Меншиков сделал несколько шагов по своей комнате. Но Экгоф не двигался с места. Меншиков с заметным удивлением взглянул на него.
— Что же ты? — сказал он ему. — Или имеешь еще что сказать мне?
— Нет, князь… ничего более… Только…
— Только — что?
Экгоф вытер платком пот, которым был покрыт его лоб. Вид полковника был растерянный и жалкий.
— Только я хотел спросить вас, — нерешительно проговорил он, — я хотел спросить…
— О чем? Спрашивай.
— Я хотел спросить… ежели бы вы были на моем месте, то есть, ежели бы между вами и ею было то, что было между нами, — поступили ли бы вы так, как поступил я?
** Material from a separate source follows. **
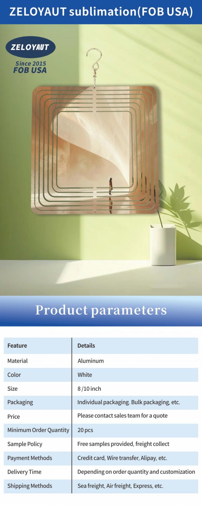 - 製品:サブライメーション スクウェア 形 風力スピナー空白.

Меншиков без колебания подал ему руку.
— Вот мой ответ, — сказал он торжественным голосом. — Как ты думаешь, протягивают ли руку человеку, которого презирают? Твоя совесть безупречна, Людвиг. Можешь спать спокойно. Своим доносом ты освобождаешь нашу обожаемую государыню от ее опаснейшего и лютейшего врага… а нас всех от чудища страшна. Ступай и подними высоко голову. Ты сделал не больше того, что должен был сделать. Прощай!
Экгоф откланялся, но, несмотря на ободряющие слова Меншикова, он вышел из его комнаты с низко опущенной головой и с убитым видом опозоренного доносом человека.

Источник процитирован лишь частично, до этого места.